*** Begin section ***

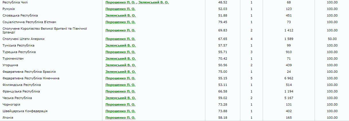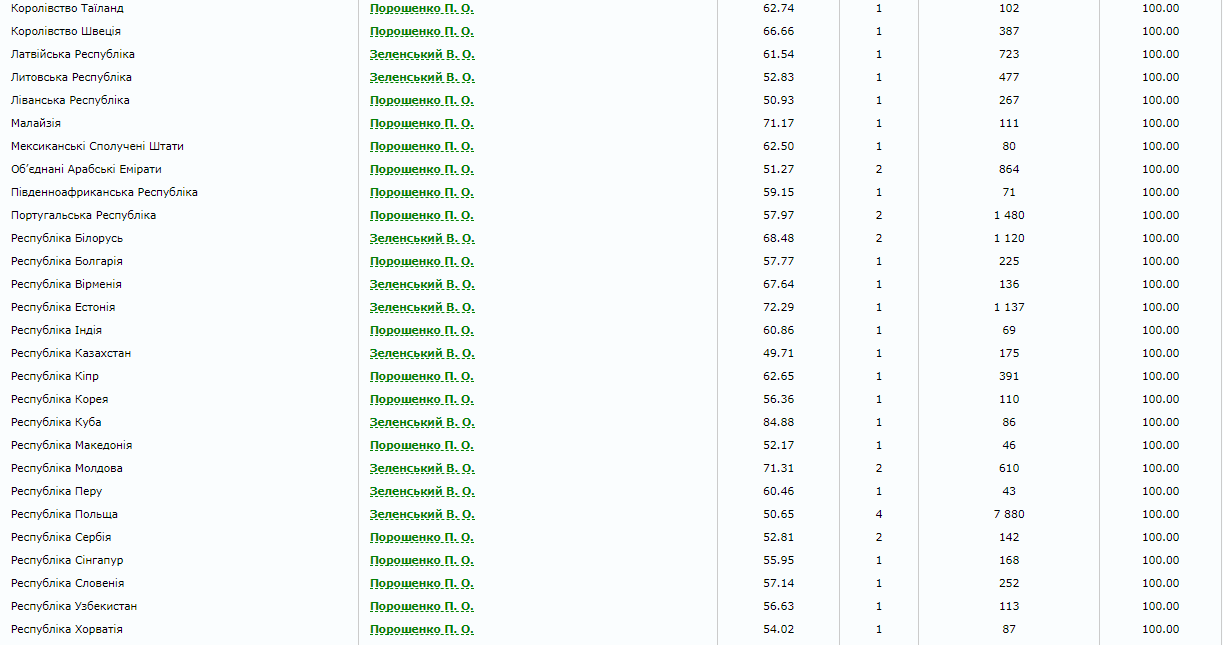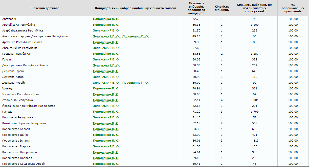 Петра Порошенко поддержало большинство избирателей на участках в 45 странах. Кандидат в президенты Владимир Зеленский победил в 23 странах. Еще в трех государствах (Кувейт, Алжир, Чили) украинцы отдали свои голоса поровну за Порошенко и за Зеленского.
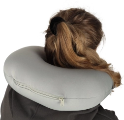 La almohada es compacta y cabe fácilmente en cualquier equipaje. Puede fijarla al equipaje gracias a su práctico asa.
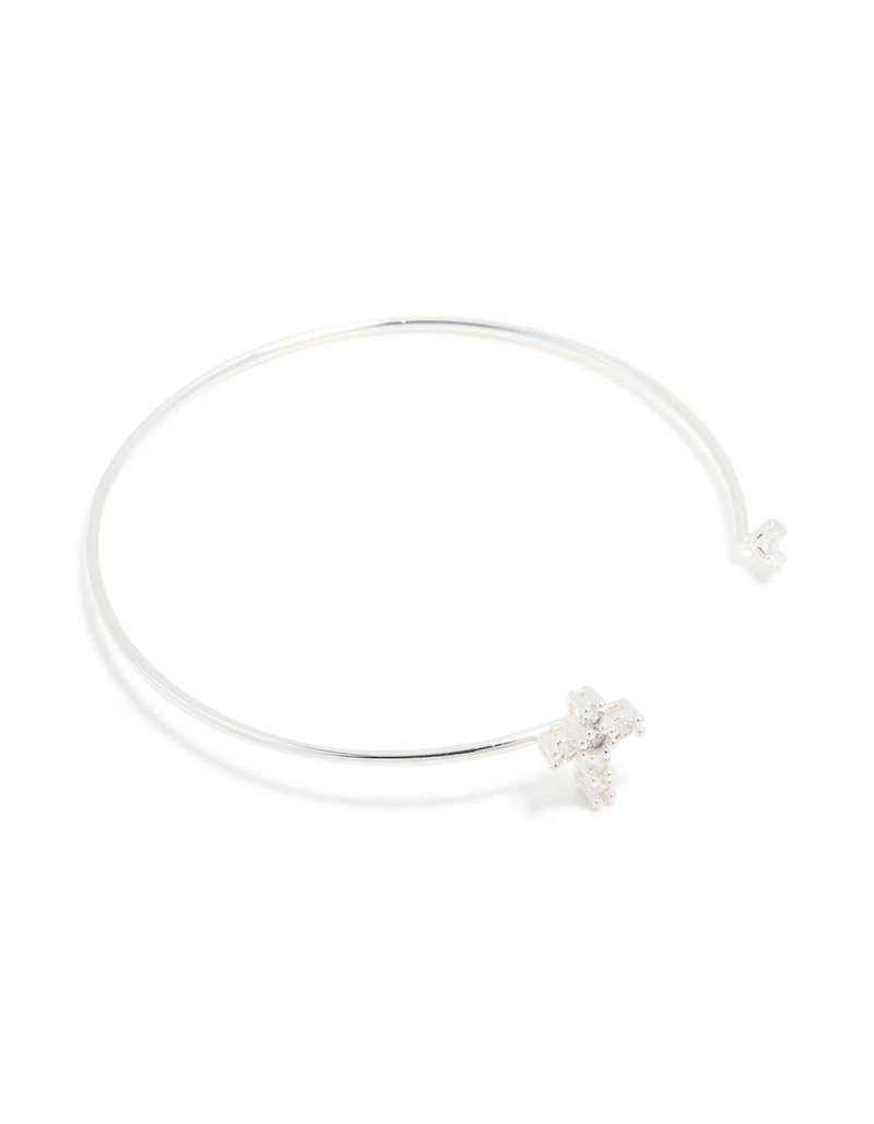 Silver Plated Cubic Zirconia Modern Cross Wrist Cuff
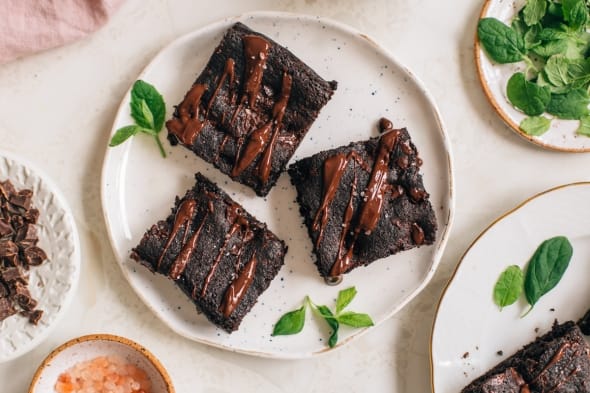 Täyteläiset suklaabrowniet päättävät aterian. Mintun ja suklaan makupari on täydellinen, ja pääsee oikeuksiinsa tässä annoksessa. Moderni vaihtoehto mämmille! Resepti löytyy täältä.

*** End section ***

■ **Description of the task**:
Each line of the listing above should be retyped exactly, with no pictures.

■ **Answer box**:
 Петра Порошенко поддержало большинство избирателей на участках в 45 странах. Кандидат в президенты Владимир Зеленский победил в 23 странах. Еще в трех государствах (Кувейт, Алжир, Чили) украинцы отдали свои голоса поровну за Порошенко и за Зеленского.
 La almohada es compacta y cabe fácilmente en cualquier equipaje. Puede fijarla al equipaje gracias a su práctico asa.
 Silver Plated Cubic Zirconia Modern Cross Wrist Cuff
 Täyteläiset suklaabrowniet päättävät aterian. Mintun ja suklaan makupari on täydellinen, ja pääsee oikeuksiinsa tässä annoksessa. Moderni vaihtoehto mämmille! Resepti löytyy täältä.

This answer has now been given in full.